"""

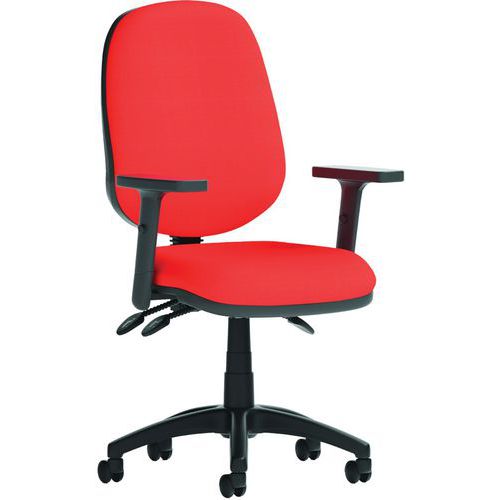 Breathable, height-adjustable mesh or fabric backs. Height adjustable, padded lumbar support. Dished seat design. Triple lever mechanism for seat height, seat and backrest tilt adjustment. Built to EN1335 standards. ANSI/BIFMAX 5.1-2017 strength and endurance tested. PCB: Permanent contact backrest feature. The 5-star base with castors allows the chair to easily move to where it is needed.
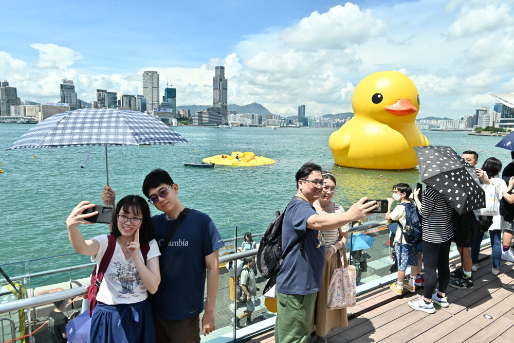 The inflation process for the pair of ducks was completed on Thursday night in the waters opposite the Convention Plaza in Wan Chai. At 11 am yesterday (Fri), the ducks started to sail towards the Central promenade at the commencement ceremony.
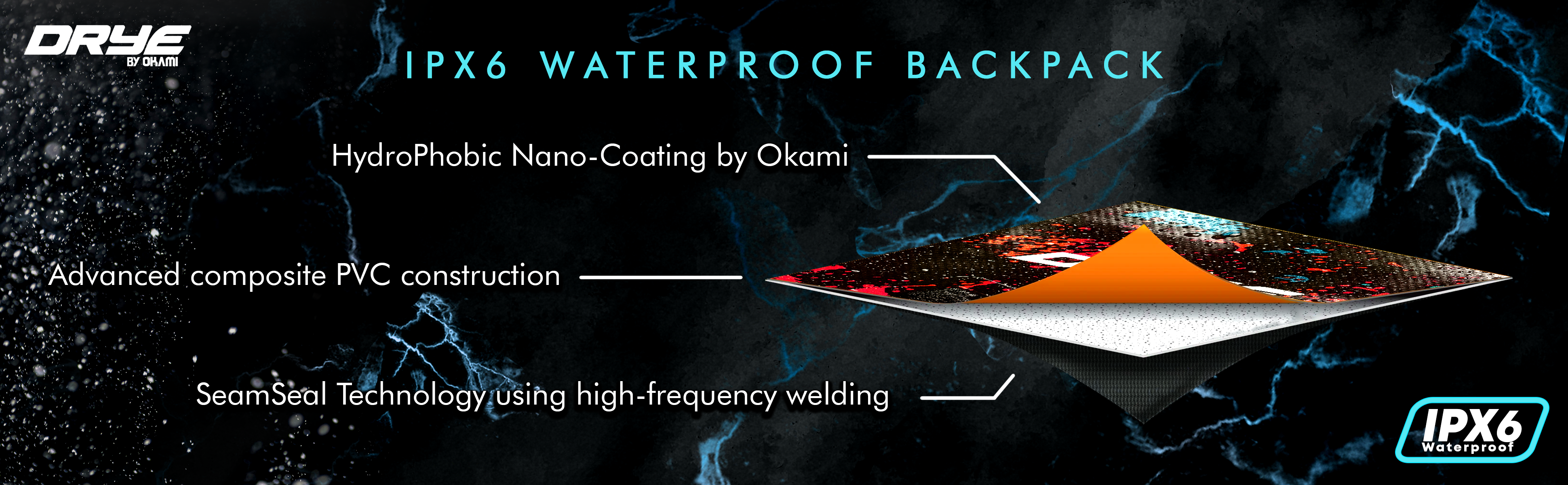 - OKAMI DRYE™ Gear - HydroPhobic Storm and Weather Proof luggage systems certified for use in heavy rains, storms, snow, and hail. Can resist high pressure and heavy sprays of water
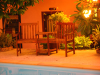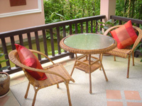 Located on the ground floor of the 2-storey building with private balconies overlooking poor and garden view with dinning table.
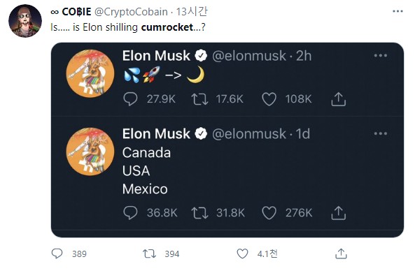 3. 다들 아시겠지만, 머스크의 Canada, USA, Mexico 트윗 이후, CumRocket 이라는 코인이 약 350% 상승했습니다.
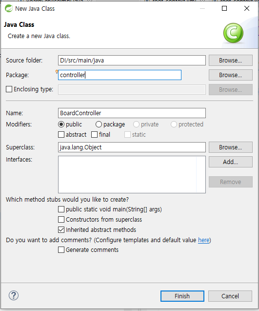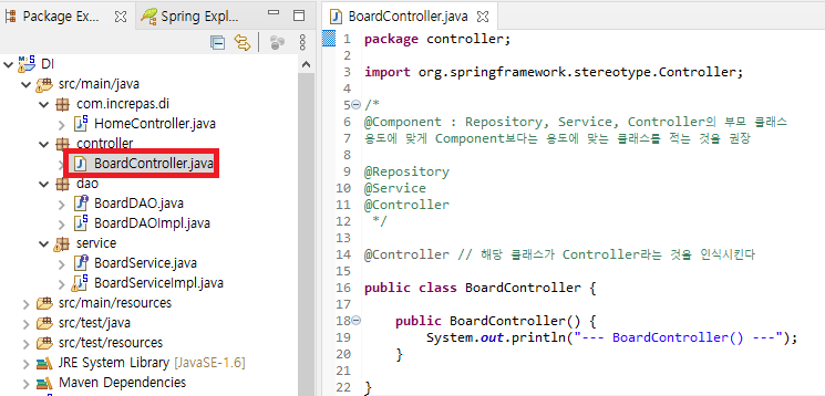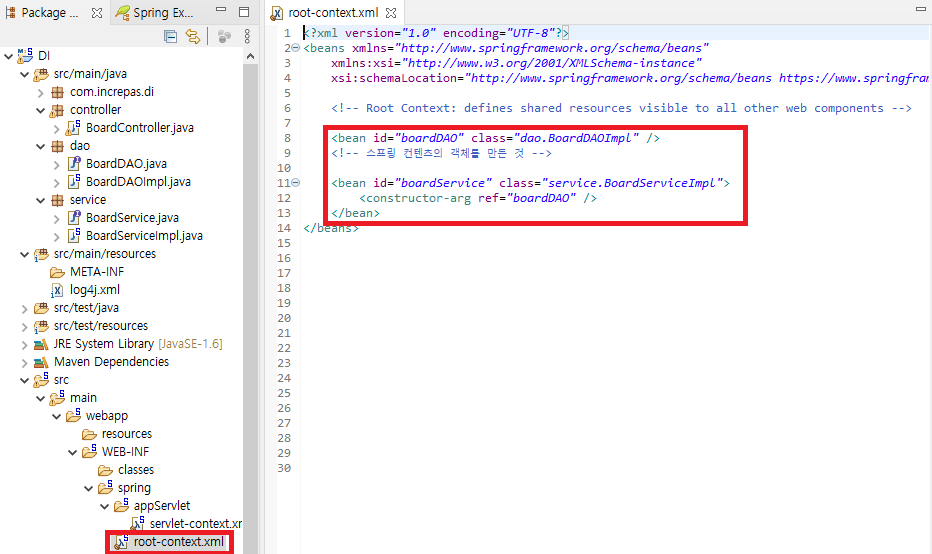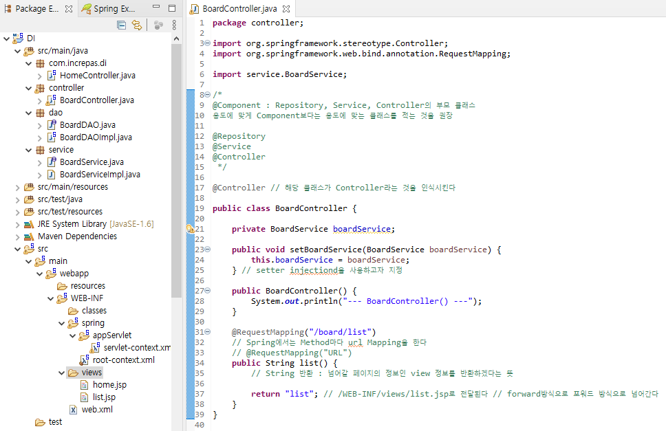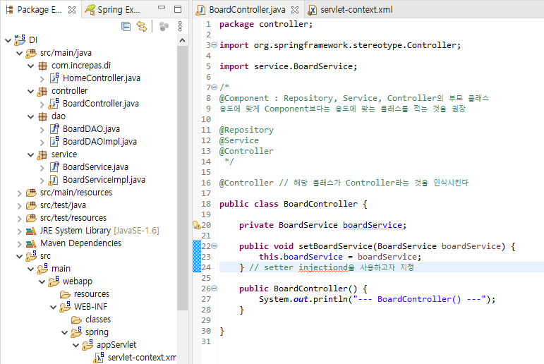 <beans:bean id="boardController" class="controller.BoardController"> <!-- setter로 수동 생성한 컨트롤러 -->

"""

§ Prompt: Where pictures appear, omit them, and transcribe exactly, with nothing else, the lines from the line with "3. 다들 아시겠지만, 머스크의" through the final line of the records above, both ends included.

§ Solution to this task:
 3. 다들 아시겠지만, 머스크의 Canada, USA, Mexico 트윗 이후, CumRocket 이라는 코인이 약 350% 상승했습니다.
 <beans:bean id="boardController" class="controller.BoardController"> <!-- setter로 수동 생성한 컨트롤러 -->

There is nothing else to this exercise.